* Work task *
Reproduce only what runs from the line containing "5 月 2 日(土)、3" to the line containing "2025年2月浙江G12名校协作体高三返校考物理试题及答案" in the records below, inclusive. Keep it exact, and keep the pictures out.

START Data under study

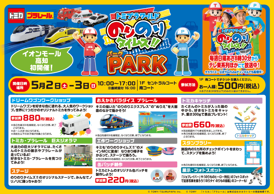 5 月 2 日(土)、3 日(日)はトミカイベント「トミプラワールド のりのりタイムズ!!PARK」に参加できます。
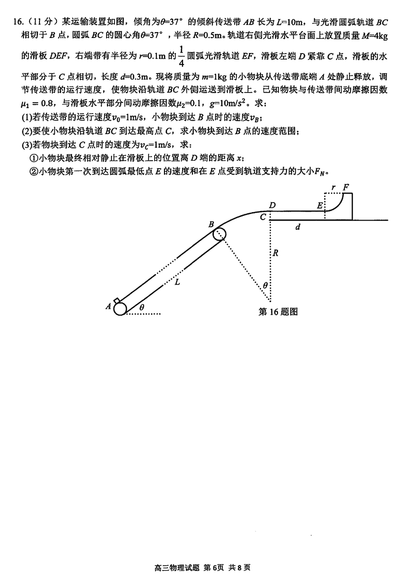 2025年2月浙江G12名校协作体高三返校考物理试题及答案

END Data under study
START Data under study

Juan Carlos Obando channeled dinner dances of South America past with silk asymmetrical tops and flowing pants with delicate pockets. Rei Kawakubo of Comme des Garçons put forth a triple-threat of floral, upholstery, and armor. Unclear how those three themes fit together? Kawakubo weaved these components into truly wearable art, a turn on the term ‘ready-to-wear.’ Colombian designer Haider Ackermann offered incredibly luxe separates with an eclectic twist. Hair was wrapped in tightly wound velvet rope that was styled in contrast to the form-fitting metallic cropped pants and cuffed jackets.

END Data under study
START Data under study

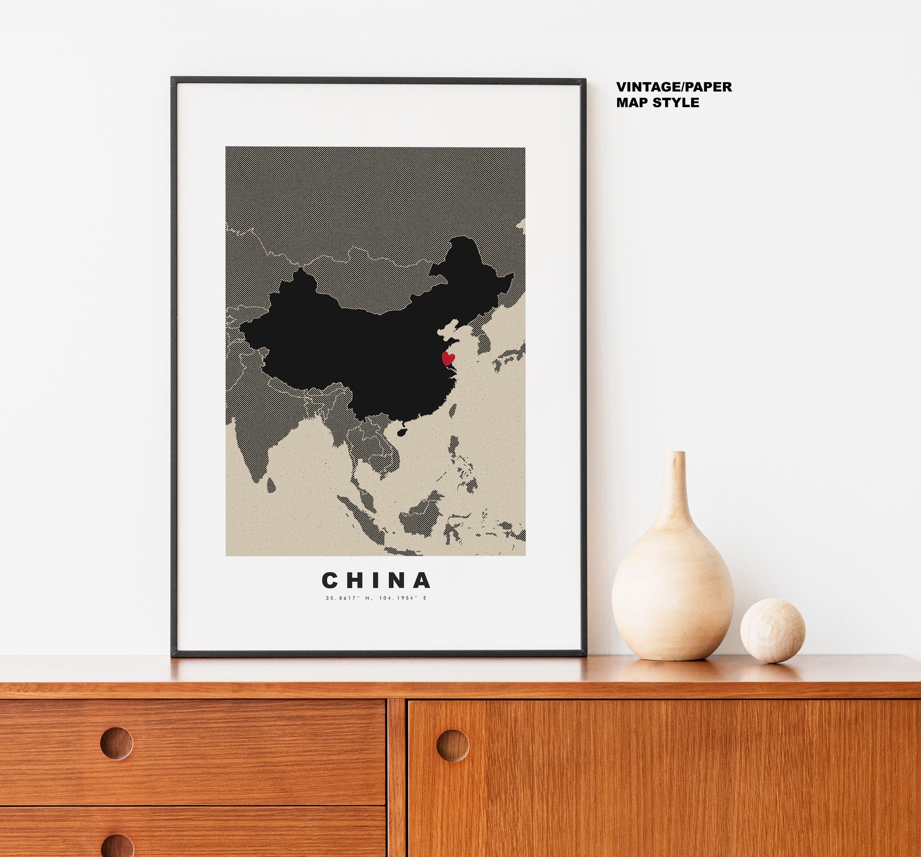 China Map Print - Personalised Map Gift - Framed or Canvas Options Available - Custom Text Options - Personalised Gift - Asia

END Data under study

* Solution for this problem *
 5 月 2 日(土)、3 日(日)はトミカイベント「トミプラワールド のりのりタイムズ!!PARK」に参加できます。
 2025年2月浙江G12名校协作体高三返校考物理试题及答案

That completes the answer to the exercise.